I’m sure I can firgure out how to write a script for this, but I thought I’d first just ask if anyone has already done this, or something similar?
I need to download to a CSV file the name and URL of all diseases listed by CDC on this page:
Diseases & Conditions A-Z Index
I am building a AirTable DB for Medical Records, which I will share with everone when I am done.
Part of this is a table of Diseases, which has the Disease Name, and the CDC URL for more info.
As an example, taking the first disease on the list:
Abdominal Aortic Aneurysm — see Aortic Aneurysm
I need a CSV line like this:
Abdominal Aortic Aneurysm — see Aortic Aneurysm,https://www.cdc.gov/dhdsp/data_statistics/fact_sheets/fs_aortic_aneurysm.htm
The script needs to get each disease on the page, then go to the next page, and repeat until done.
Thanks for any help or shared scripts.
This will get you most of the way there.

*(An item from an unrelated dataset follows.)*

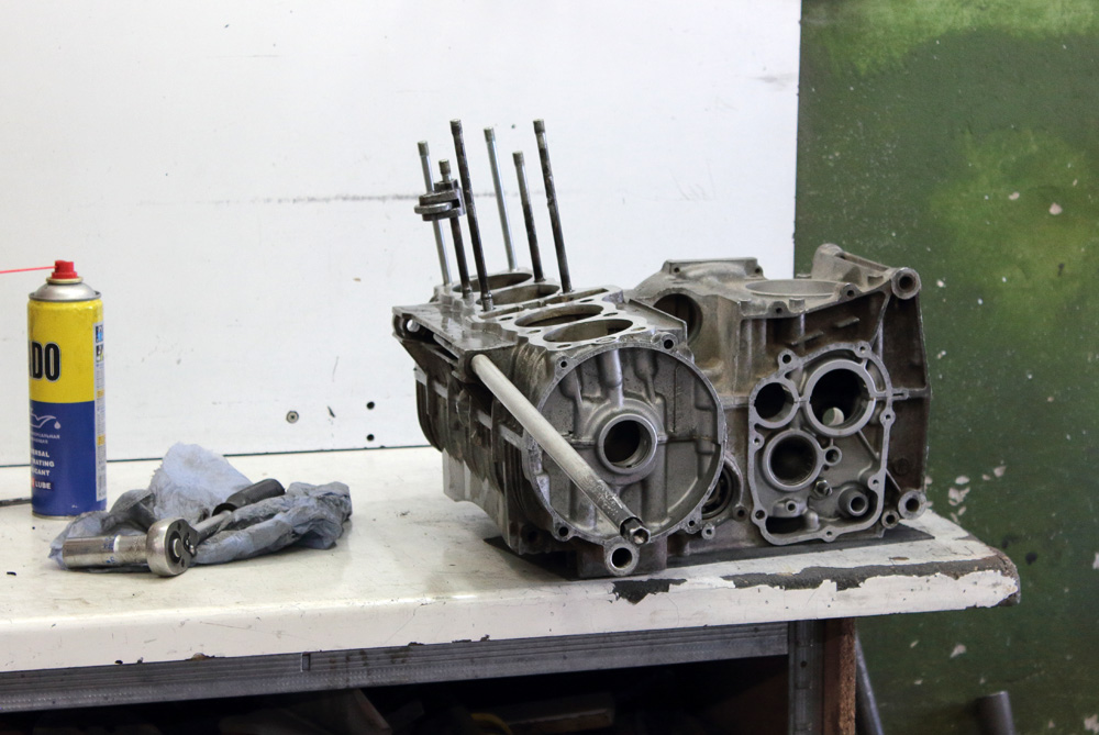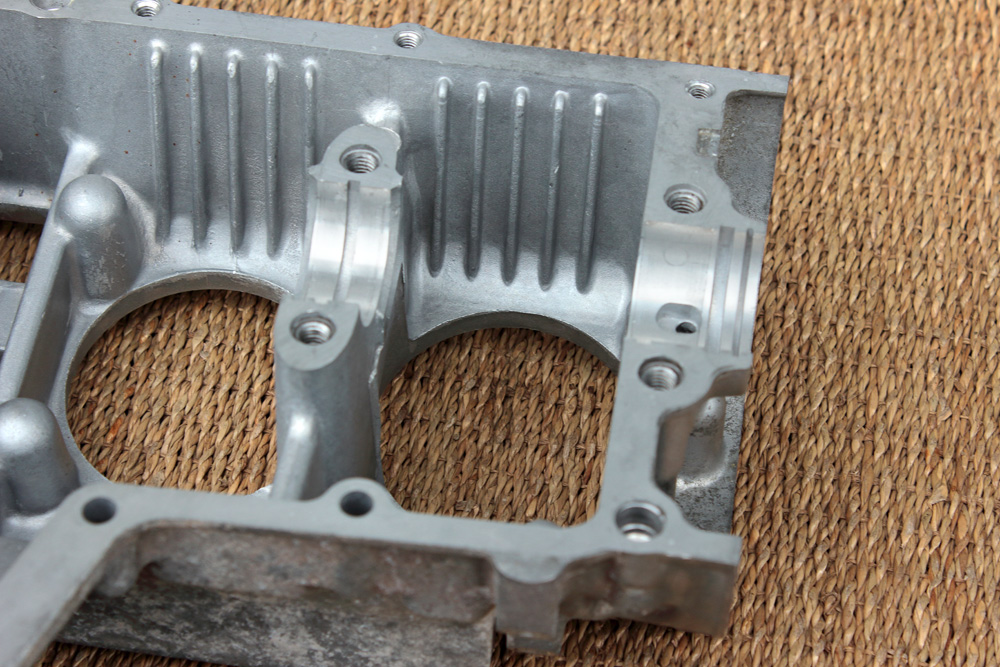 After I finished with studs I removed all steel parts from crankcase, except two nozzles of oil system. Forty years old crankcases insides were yellowish from oil depositions and I couldn’t remove that film with gasoline applied under pressure. Carburetor cleaner helped, but only in combination with rubbing, so it looked as a hell of work.

It processes all 27 pages, and creates a csv (well, actually tsv) with the first column being the named of the disease, the second column being the sub-type or see also entry, the third column is the URL, and the fourth is either level2 (sub disease) or level3 (see also). I have not processed the HTML for the Disease names, but that should be just a matter of a few search & replaces.
Diseases.kmmacros (11 KB)
Peter, thank you so much! This is totally awesome!
I hope this did not distract you for long from your work on Keyboard Maestro. And, hopefully, other users will find this as a great example of the power of Keyboard Maestro in scraping (extracting) web pages.
Peter, thanks again. I just ran your macro as is, and it worked perfectly.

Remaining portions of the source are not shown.